--- Record extracts ---
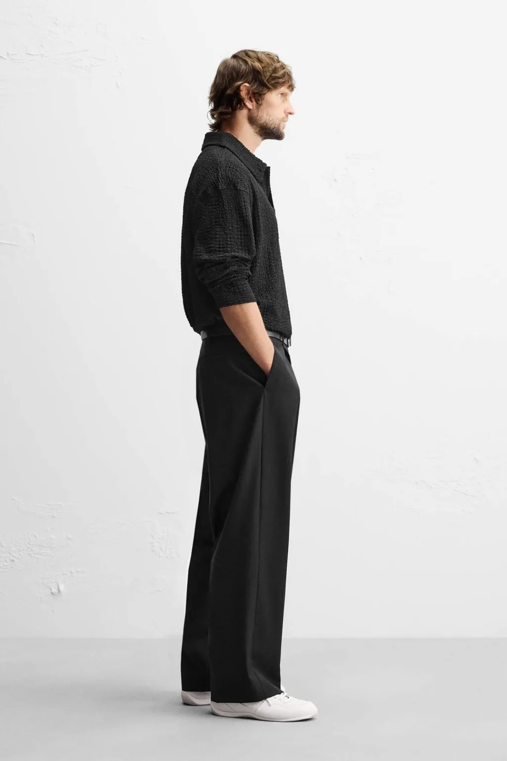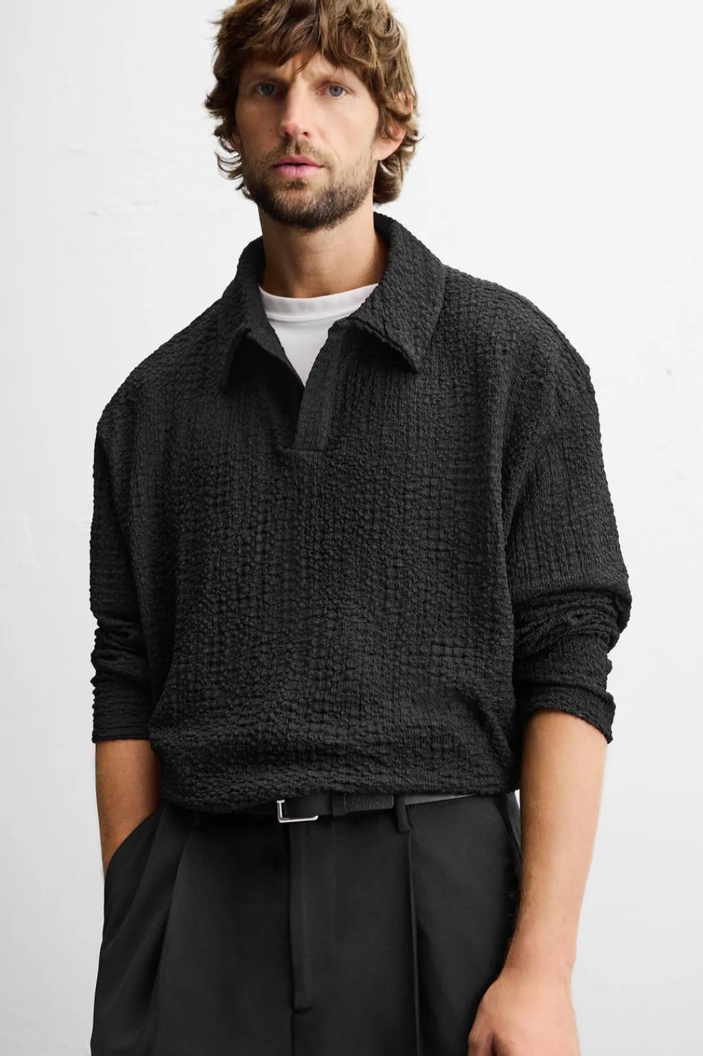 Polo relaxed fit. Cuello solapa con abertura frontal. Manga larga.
---
--- Record extracts ---
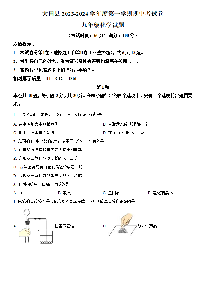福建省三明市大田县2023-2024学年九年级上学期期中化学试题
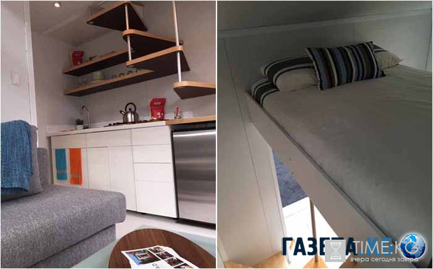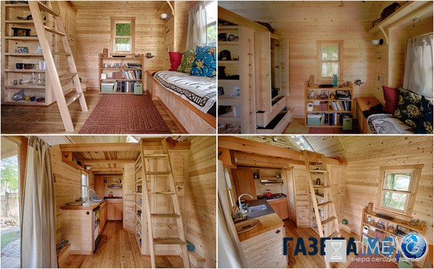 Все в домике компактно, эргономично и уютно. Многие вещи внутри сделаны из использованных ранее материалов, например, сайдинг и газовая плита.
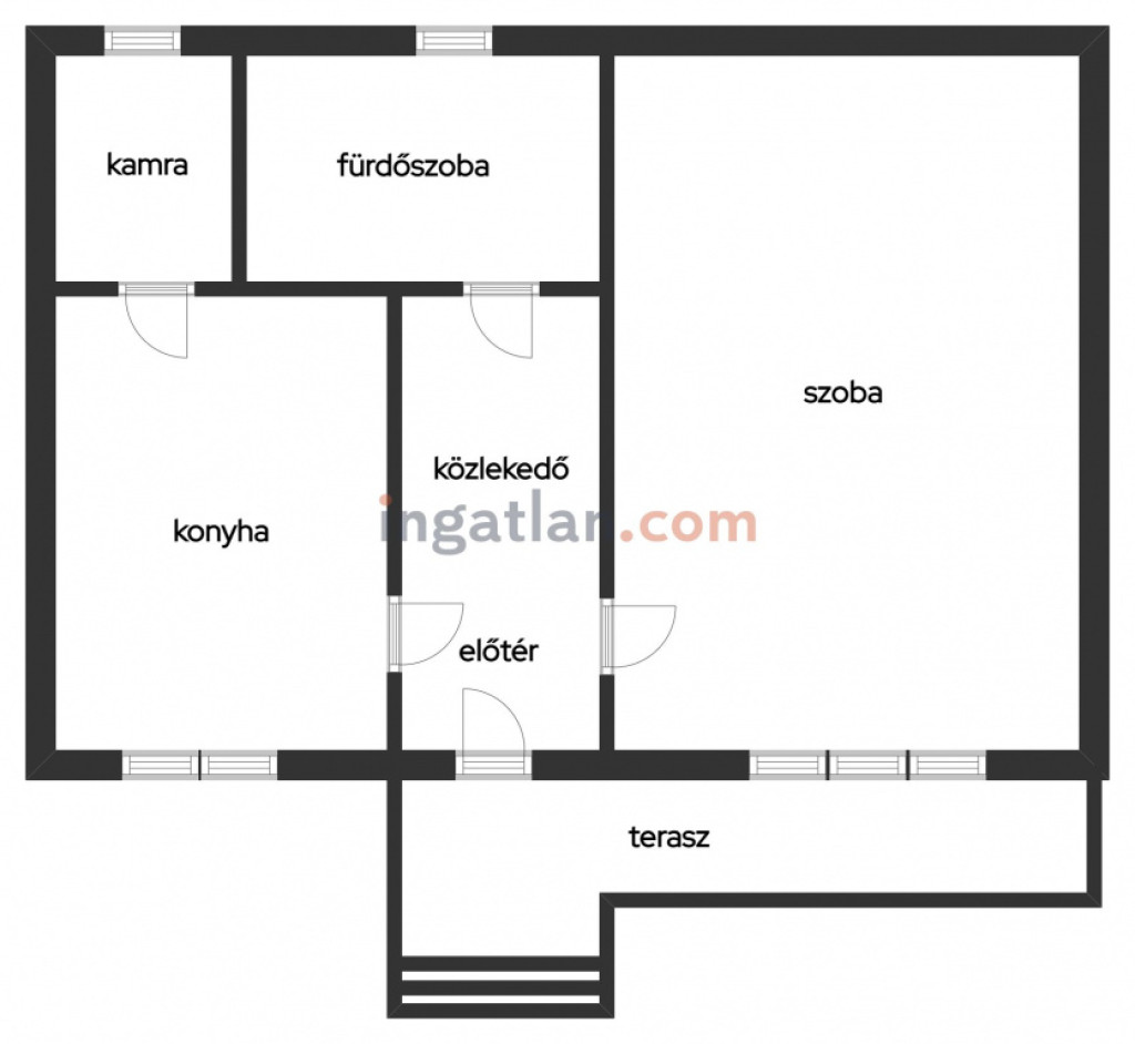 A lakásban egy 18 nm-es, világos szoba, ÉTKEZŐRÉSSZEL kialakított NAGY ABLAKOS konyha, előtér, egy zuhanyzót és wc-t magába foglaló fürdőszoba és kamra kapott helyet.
---
--- Record extracts ---
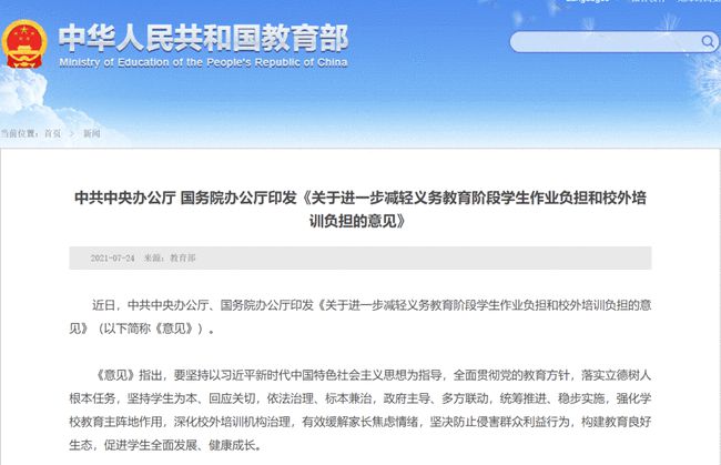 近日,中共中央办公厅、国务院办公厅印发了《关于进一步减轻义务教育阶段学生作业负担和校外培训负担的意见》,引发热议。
---
→ **Exercise prompt**: Within the material above, only the stretch from the line holding "Все в домике" through the line holding "A lakásban egy" is to be restated exactly. Pictures are dropped.

→ **Response to this task**:
 Все в домике компактно, эргономично и уютно. Многие вещи внутри сделаны из использованных ранее материалов, например, сайдинг и газовая плита.
 A lakásban egy 18 nm-es, világos szoba, ÉTKEZŐRÉSSZEL kialakított NAGY ABLAKOS konyha, előtér, egy zuhanyzót és wc-t magába foglaló fürdőszoba és kamra kapott helyet.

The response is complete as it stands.